I used to live right near where you’re going to be staying and it’s a great location! You’ll be right there by the 6 and 12 lines and you’ll be able to get just about anywhere in the city quickly.

It’s been a couple of years now ( ! ) but here are some suggestions from my list of favorites. They are all moderate to inexpensive with the last two the least expensive of the lot. Just depends on the kind of place for which you are looking. All of these are not too far from Montparnasse. Enjoy!
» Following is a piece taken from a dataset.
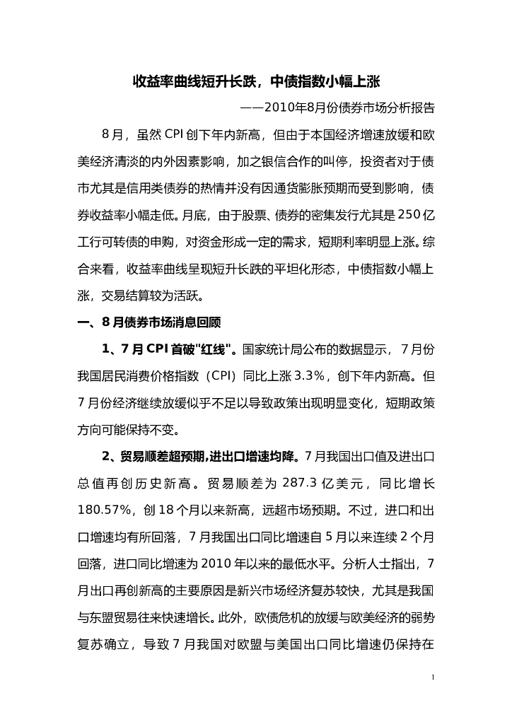 中债研发中心:2010年8月份债券市场分析报告.doc

1. C'est Mon Plaisir Small, bright, sunny feel, updated cuisine that is not too heavy and not too expensive, and relatively quiet but by no means dead when full. Staff is comfortable with English-speakers -- the Brits somehow got this one on their map, and neighborhood folks love it too. They make a grilled shrimp dish with Colombo d'Epinards that was the best spinich dish I've ever eaten. Reservations recommended.

8 rue Falguière 75015

Metro: Falguiere

Tel. 01 42 73 07 02

2. Les Dix Vins Excellent wines & plats. Run by two former software engineers who decided to go to culinary school. More interesting traditional menu than most. Quite good. Reservations recommended.

57 rue Falguière, 75015 Paris

Tel: 01 43 20 91 77. Metro: Pasteur

Call to check their hours; we think it was not open on Saturdays or Sundays.

3. Le Florimond Older and slightly more upscale, excellent fish and, on our one occasion there, a great example of proper French wait service; may not be the most “fun” place for a 24 year old.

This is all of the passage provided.